Personal information
- Full name: Steven Robert James
- Date of birth: 29 November 1949 (age 76)
- Place of birth: Coseley, England
- Position: Centre-back

Youth career
- 1965–1966: Manchester United

Senior career*
- Years: Team / Apps / (Gls)
- 1966–1976: Manchester United / 129 / (4)
- 1976–1980: York City / 105 / (1)
- 1980–1982: Kidderminster Harriers
- 1982–: Tipton Town

International career
- 1968: England Youth

= Steve James (footballer) =

English footballer

Steven Robert James (born 29 November 1949) is an English former professional footballer who played at centre-back.

==Career==
Born in Coseley, England, James started his career as an apprentice at Manchester United in December 1965. His first-team debut for the club came on 12 October 1968 against Liverpool. He scored four goals in 161 appearances (including one substitute appearance) during his United career before being transferred to York City in January 1976. During his time at Old Trafford, he collected a Football League Second Division title medal in 1975 but then lost his place in the first team and this prompted his move to Bootham Crescent.

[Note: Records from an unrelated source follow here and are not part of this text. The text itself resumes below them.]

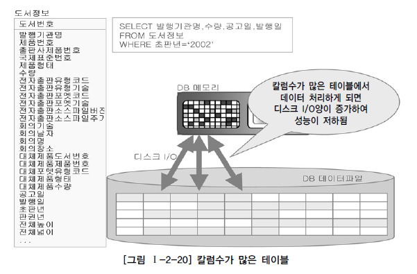 대용량 데이터베이스에서는 테이블 구조와 인덱스 설계가 성능에 큰 영향을 미칩니다. 많은 열을 가진 테이블은 디스크 I/O를 증가시켜 성능 저하를 초래할 수 있습니다. 예를 들어, "도서정보"라는 테이블에서 2002년의 특정 필드를 쿼리하는 경우, 많은 열이 있는 테이블은 쿼리 성능에 부정적인 영향을 미칠 수 있습니다
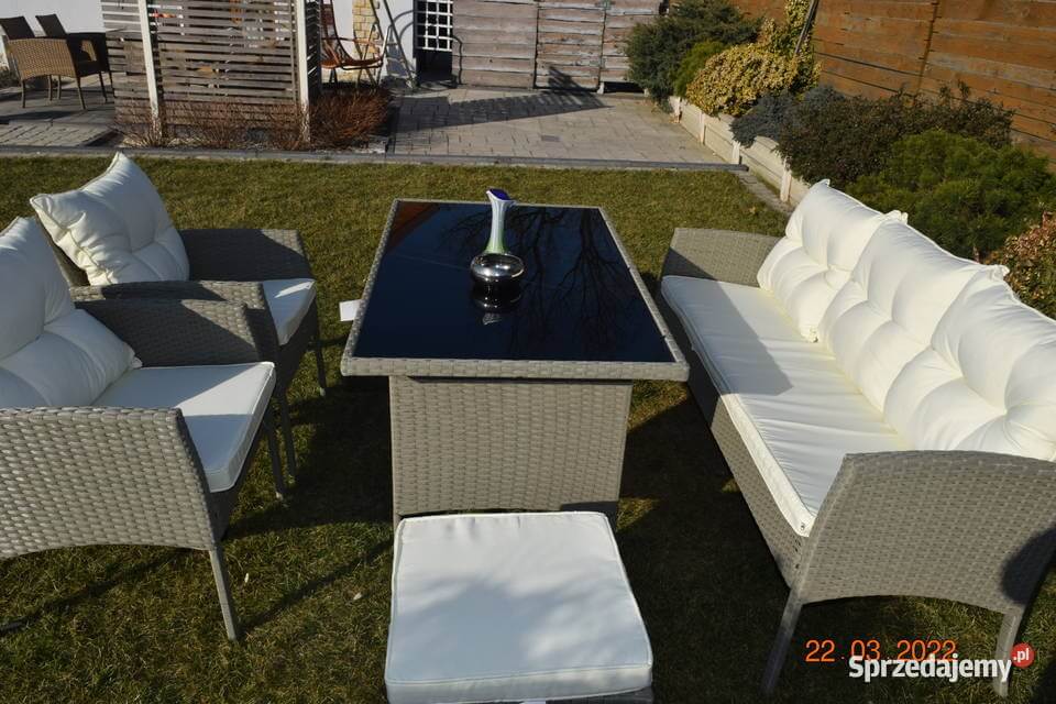 Zestaw został zaprojektowany z myślą o komforcie. W skład kompletu wchodzą dwa fotele z komfortowymi poduszkami, sofa mieszcząca nawet trzy osoby oraz wygodny stół o specjalnie ukształtowanej wysokości, który ułatwia spożywanie posiłków. Dodatkowo pufy mają podwójną funkcję – służą zarówno jako dodatkowe siedziska, jak i praktyczne podnóżki. Idealny wybór dla miłośników mebli ogrodowych, którzy cenią sobie styl i wygodę.
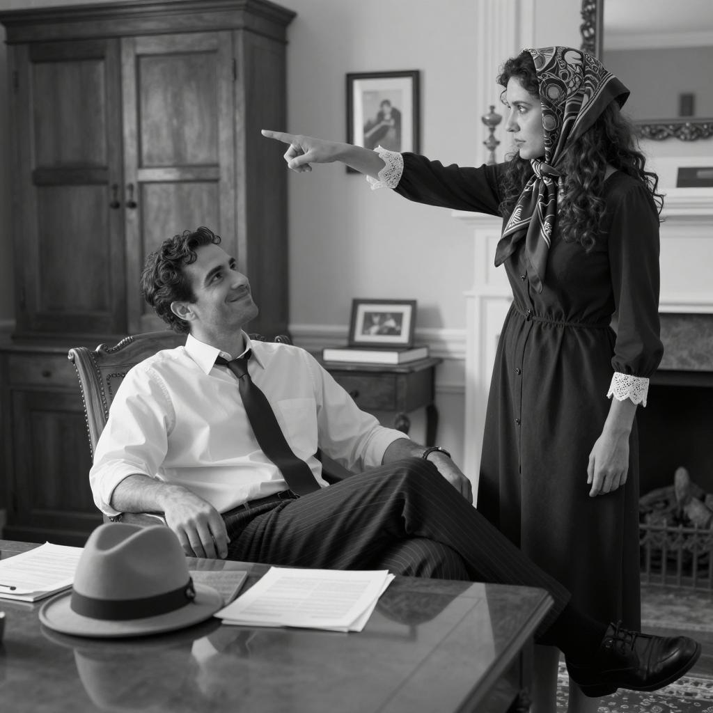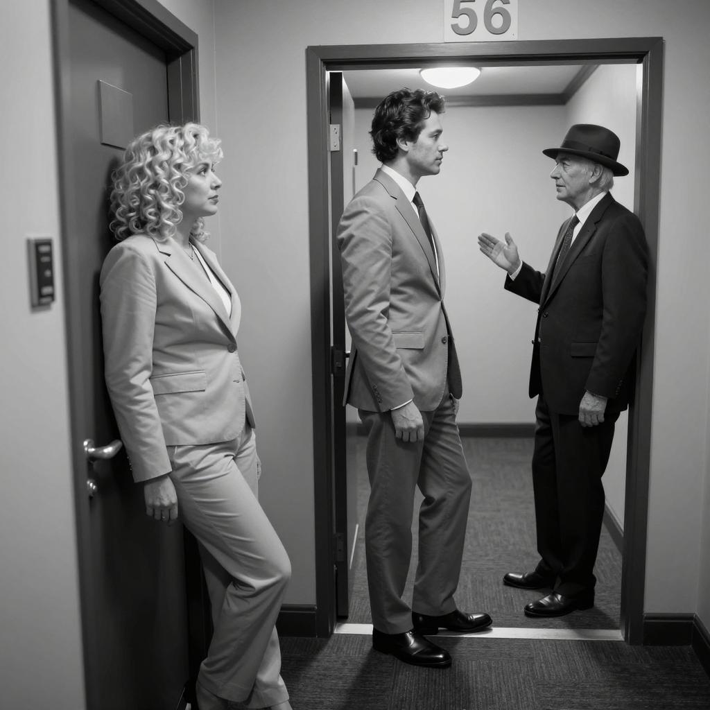 Black and white photograph. Three people in a hallway. Woman with curly blonde hair, light-colored suit, leaning against door on left. Man with dark hair, light suit, standing in doorway, facing right. Older man with hat, dark suit, gesturing with right hand, standing in background. Door number "56" visible. Carpeted floor, dim lighting.

He made his debut for York against West Bromwich Albion in January 1976. He missed the whole of the 1978–79 season with injury. He made 119 appearances and scored 2 goals for the club, and joined non-league Kidderminster Harriers in May 1980.

He was capped for England at youth international level in 1968. As of June 2012, he was working in a Waitrose supermarket. His Division 2 winners' medal was found in a junior school near Telford in January 2012, having been missing for over 30 years.